TASK TO COMPLETE:
Return the following data exactly, with all pictures left out.
---------- SUPPLIED DATA
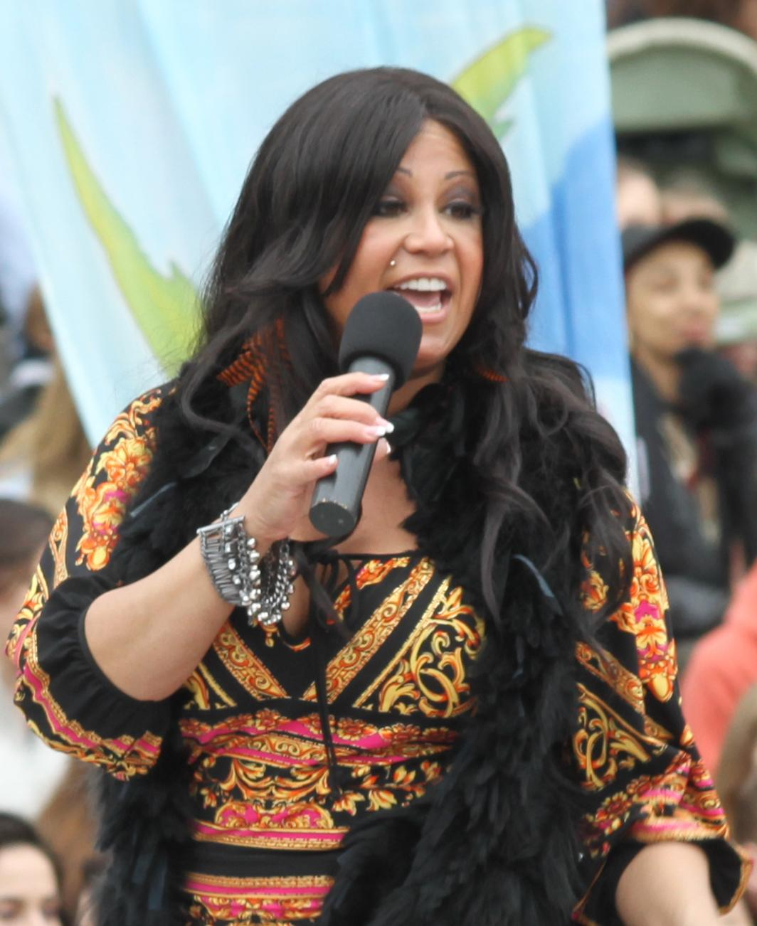 Peniston performing live at the National Cherry Blossom Festival in Washington, D.C., on April 9, 2011
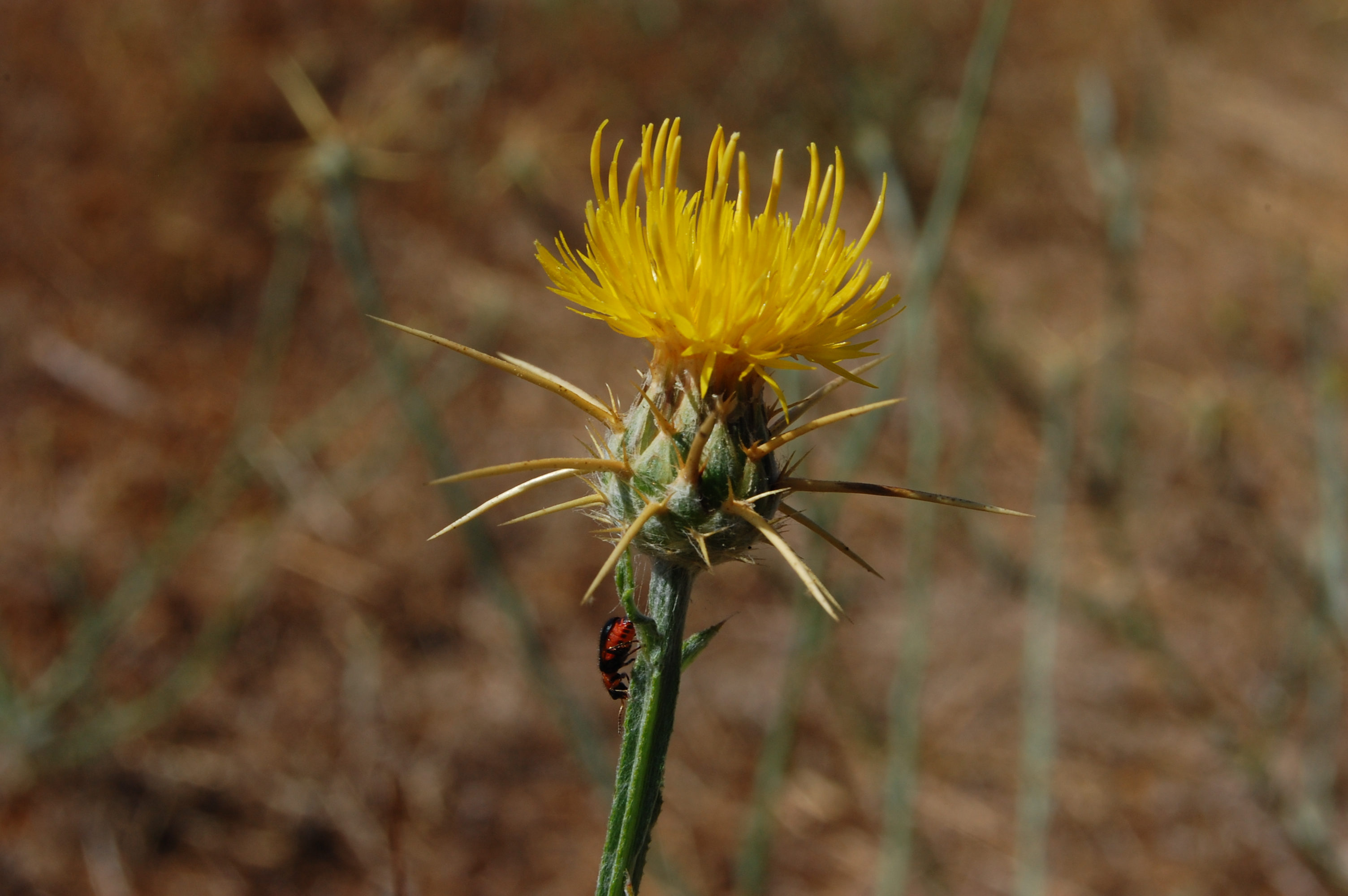 Yellow starthistle
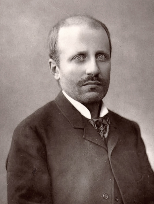 Photo of Philipp von Ferrary (1850-1917)
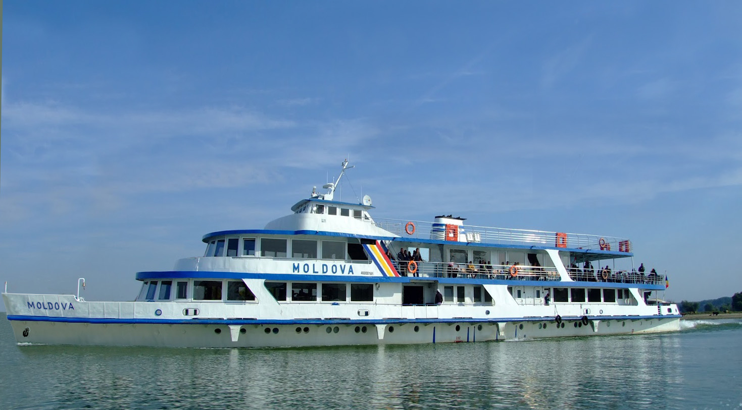 Fluvial motorship Moldova of the romanian Navrom company
--------------------
SOLUTION TO THIS EXERCISE:
 Peniston performing live at the National Cherry Blossom Festival in Washington, D.C., on April 9, 2011
 Yellow starthistle
 Photo of Philipp von Ferrary (1850-1917)
 Fluvial motorship Moldova of the romanian Navrom company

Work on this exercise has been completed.